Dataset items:

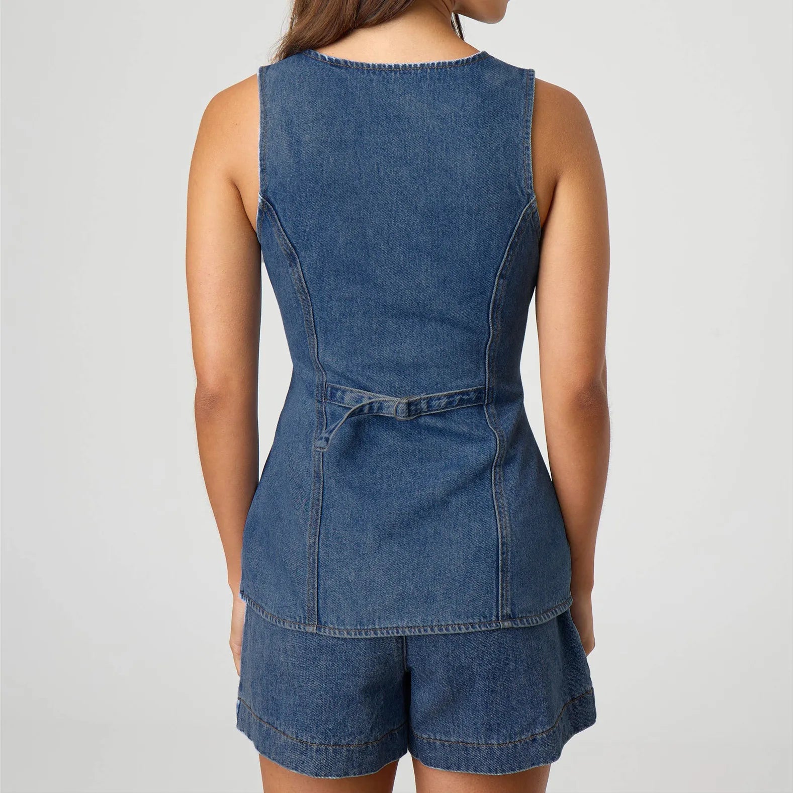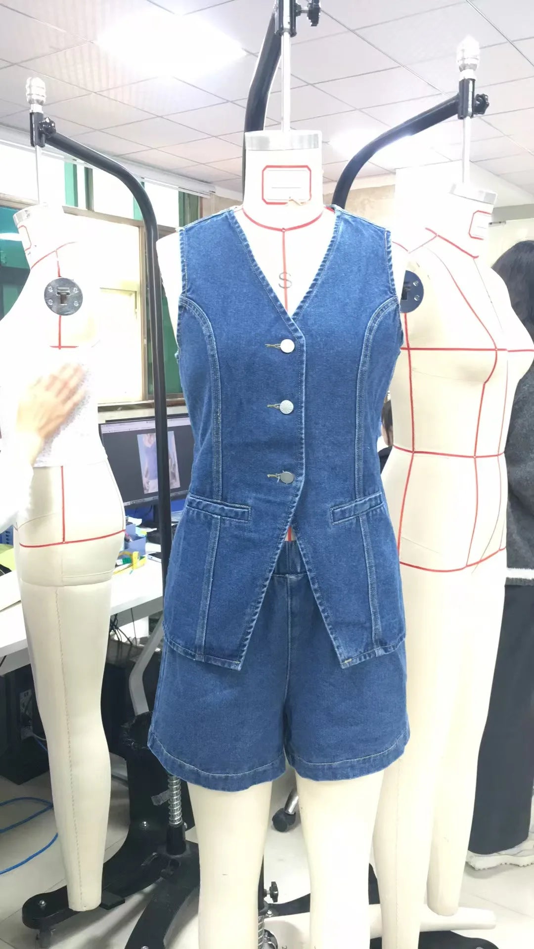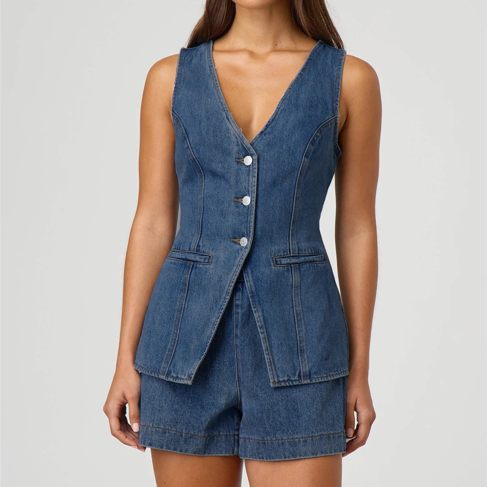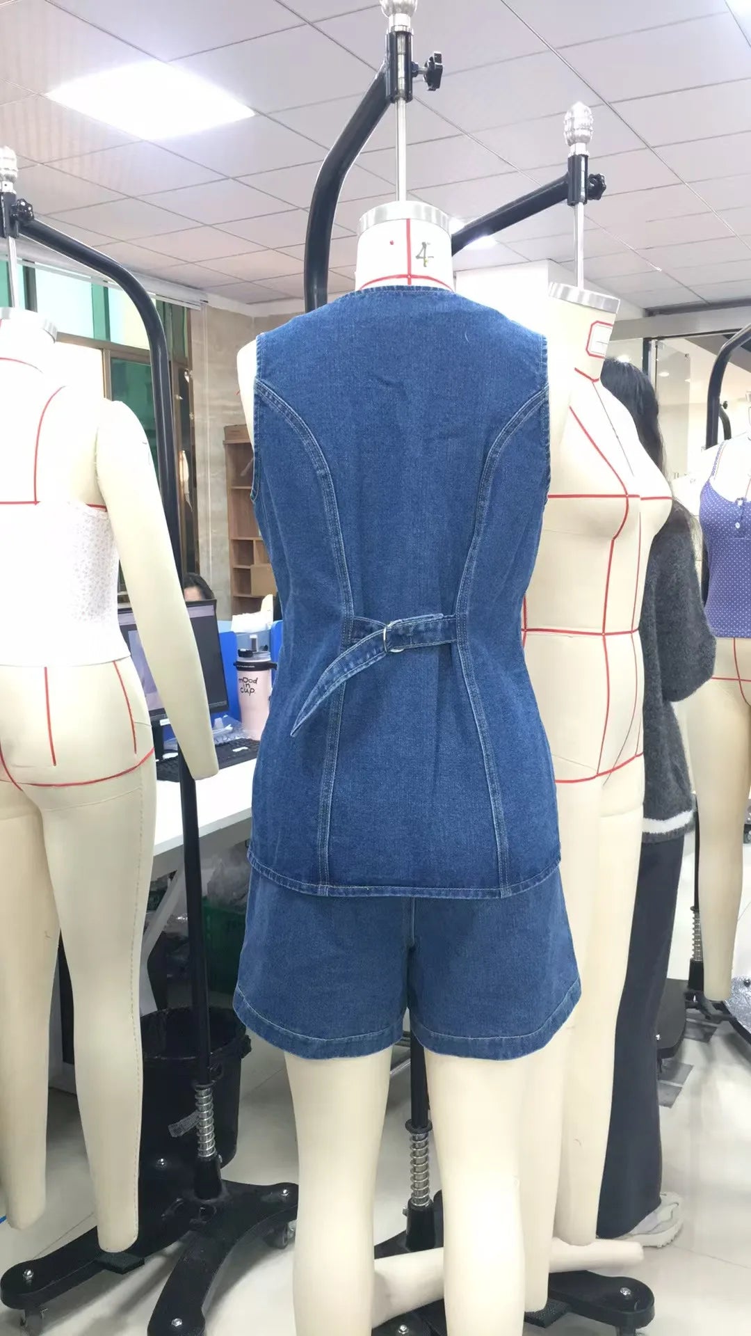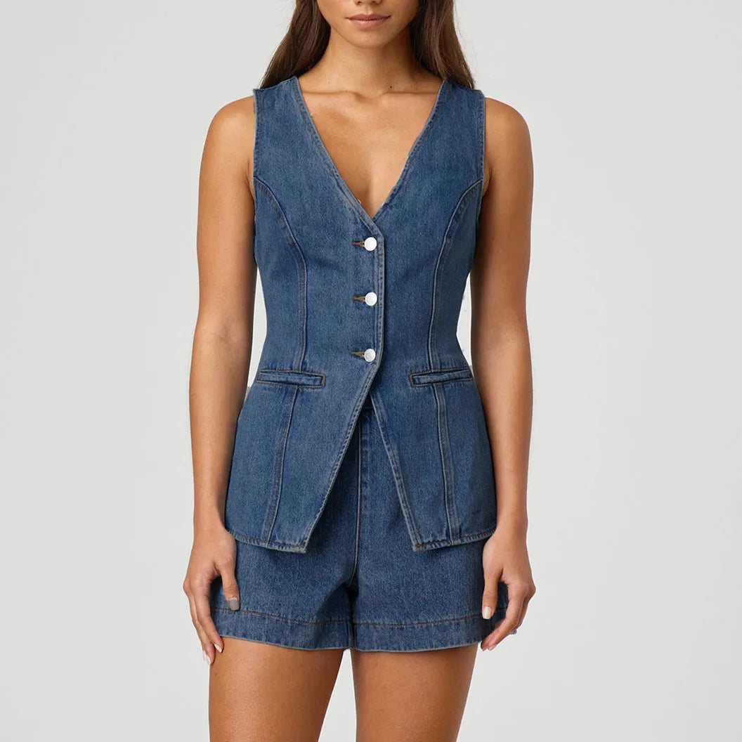 סט ג'ינס אלגנטי וייחודי המשלב גופייה מחויטת עם כפתורים ומכנסיים קצרים בגזרת ברמודה. גזרה מחמיאה שמדגישה את המותן עם מחשוף וי מחודד – לוק קייצי בסטייל משרד מודרני או יציאה אלגנטית.
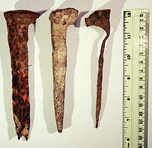 The first nails were made of wrought iron. Nails date back at least to Ancient Egypt—bronze nails found in Egypt have been dated 3400 BC.[2][3] The Bible provides a number of references to nails, including the story in Judges of Jael the wife of Heber, who drives a nail (or tent-peg) into the temple of a sleeping Canaanite commander;[4] the provision of iron for nails by King David for what would become Solomon's Temple;[5] and in connection with the crucifixion of Christ.
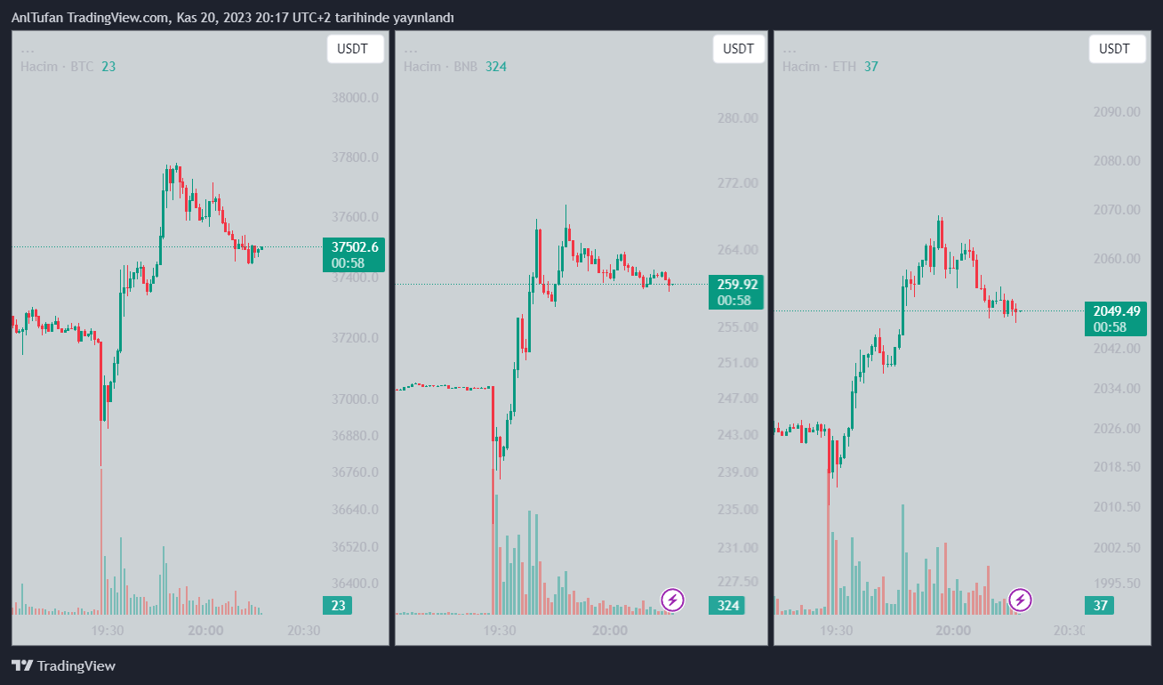 Bu gelişmeler ışığında lider kripto para birimi Bitcoin (BTC) 37.800, lider altcoin Ethereum (ETH) 2.070 ve Binance’in yerel kripto para birimi BNB ise 270 dolar seviyelerine kadar bir yükseliş yaşadı.
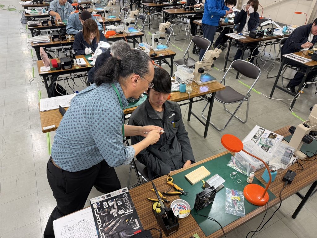 社内ではんだ付けの勉強をすることになり、指導に当たることになったため2名で
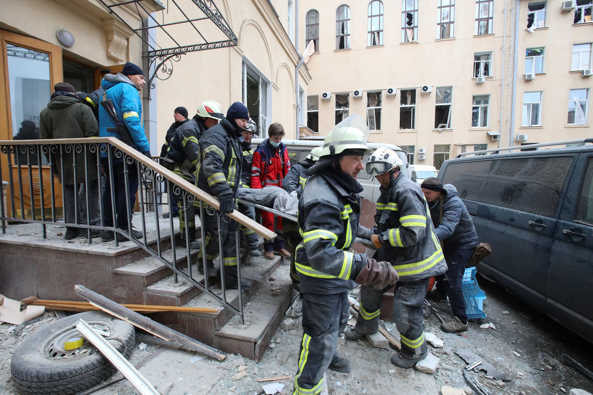 Το πρωί, στον βομβαρδισμό της κεντρικής πλατείας του Χαρκίβ έχασαν τη ζωή τους τουλάχιστον 10 άνθρωποι και άλλοι 20 τραυματίστηκαν. Στις φωτογραφίες που δημοσιοποίησε η υπηρεσία, οι διασώστες ανασύρουν θύματα από τα συντρίμμια της έδρας της τοπικής διοίκησης. Άλλοι 11 άνθρωποι σκοτώθηκαν την Δευτέρα στην ίδια πόλη.
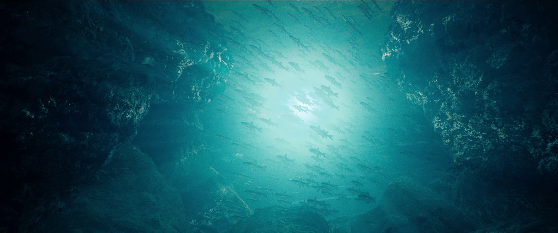 I created the school of fish via a Niagara particle system. The frequency and amplitude of their swim animation is determined via world position offsets in their material which are dynamically modulated in the Niagara particle system. On an older Nvidia GeForce GTX 1060 this scene runs at a consistent 60FPS.
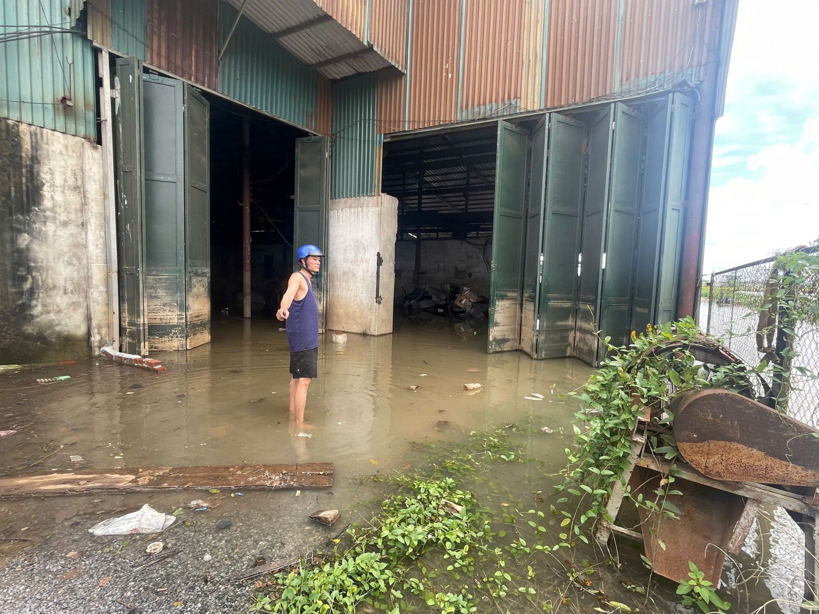Nhiều xưởng sản xuất ven sông tại phường Thiên Trường bị nước lũ tràn vào, ngập sâu trong nhiều ngày.
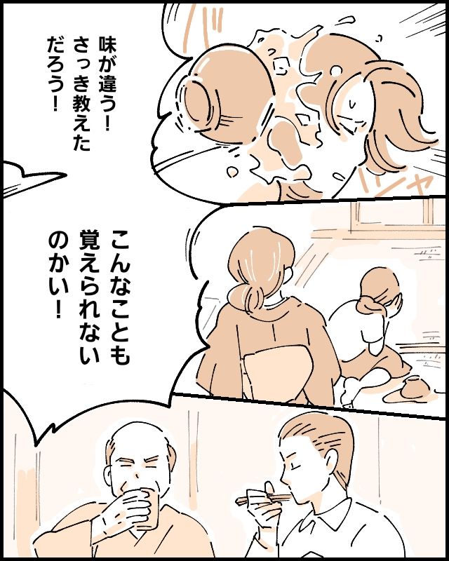 「味が違う!さっき教えただろう!こんなことも覚えられないのかい!」
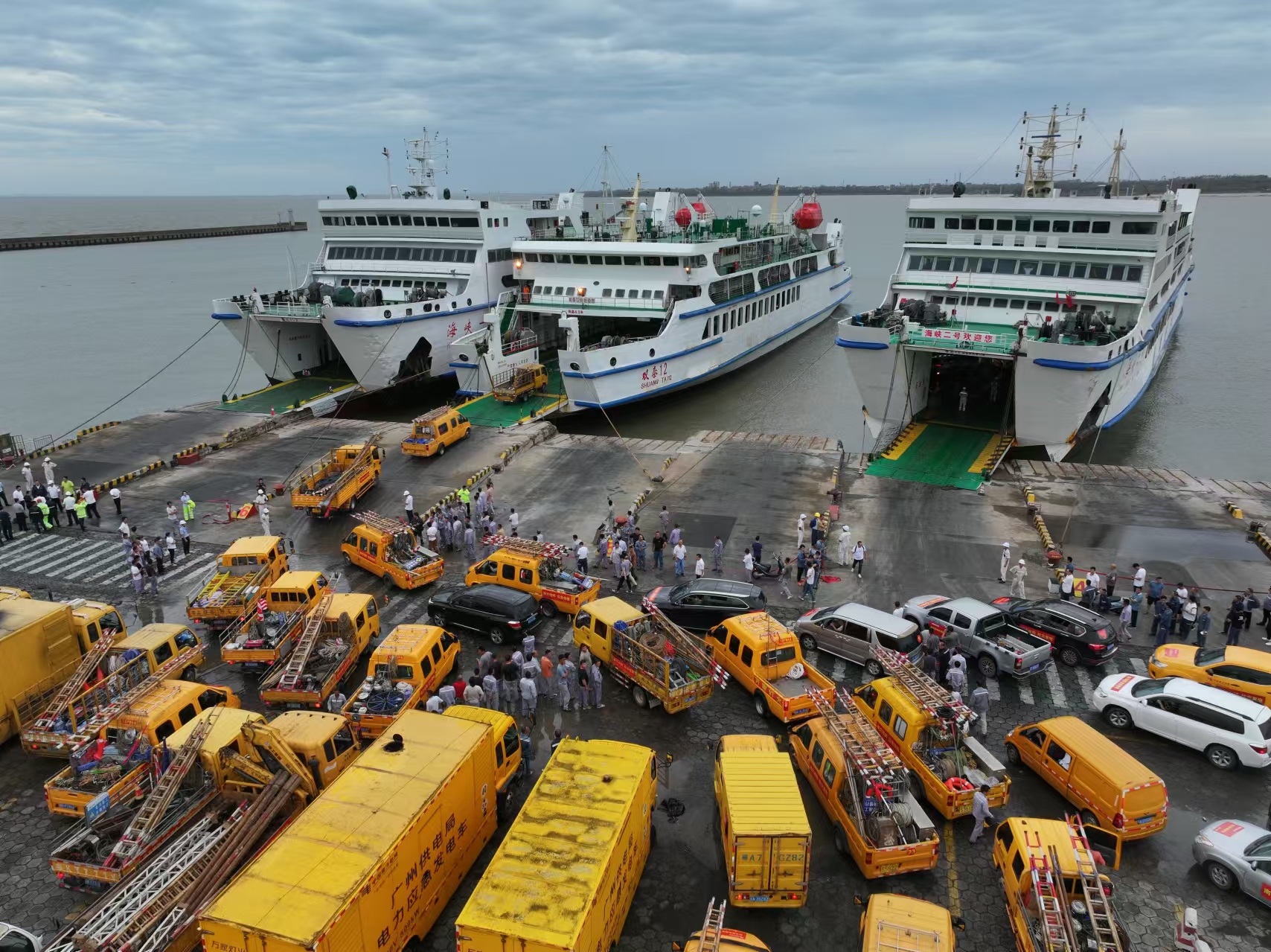 9月7日,臺風“摩羯”登陸后,南方電網(wǎng)首批支援隊伍在徐聞海安新港乘渡輪過海,全力支援海南搶修復電。(吳美芬 李志杰 攝)

**Assigned task**
Exclude the images and copy every record above exactly.

**Answer section**
 סט ג'ינס אלגנטי וייחודי המשלב גופייה מחויטת עם כפתורים ומכנסיים קצרים בגזרת ברמודה. גזרה מחמיאה שמדגישה את המותן עם מחשוף וי מחודד – לוק קייצי בסטייל משרד מודרני או יציאה אלגנטית.
 The first nails were made of wrought iron. Nails date back at least to Ancient Egypt—bronze nails found in Egypt have been dated 3400 BC.[2][3] The Bible provides a number of references to nails, including the story in Judges of Jael the wife of Heber, who drives a nail (or tent-peg) into the temple of a sleeping Canaanite commander;[4] the provision of iron for nails by King David for what would become Solomon's Temple;[5] and in connection with the crucifixion of Christ.
 Bu gelişmeler ışığında lider kripto para birimi Bitcoin (BTC) 37.800, lider altcoin Ethereum (ETH) 2.070 ve Binance’in yerel kripto para birimi BNB ise 270 dolar seviyelerine kadar bir yükseliş yaşadı.
 社内ではんだ付けの勉強をすることになり、指導に当たることになったため2名で
 Το πρωί, στον βομβαρδισμό της κεντρικής πλατείας του Χαρκίβ έχασαν τη ζωή τους τουλάχιστον 10 άνθρωποι και άλλοι 20 τραυματίστηκαν. Στις φωτογραφίες που δημοσιοποίησε η υπηρεσία, οι διασώστες ανασύρουν θύματα από τα συντρίμμια της έδρας της τοπικής διοίκησης. Άλλοι 11 άνθρωποι σκοτώθηκαν την Δευτέρα στην ίδια πόλη.
 I created the school of fish via a Niagara particle system. The frequency and amplitude of their swim animation is determined via world position offsets in their material which are dynamically modulated in the Niagara particle system. On an older Nvidia GeForce GTX 1060 this scene runs at a consistent 60FPS.
Nhiều xưởng sản xuất ven sông tại phường Thiên Trường bị nước lũ tràn vào, ngập sâu trong nhiều ngày.
 「味が違う!さっき教えただろう!こんなことも覚えられないのかい!」
 9月7日,臺風“摩羯”登陸后,南方電網(wǎng)首批支援隊伍在徐聞海安新港乘渡輪過海,全力支援海南搶修復電。(吳美芬 李志杰 攝)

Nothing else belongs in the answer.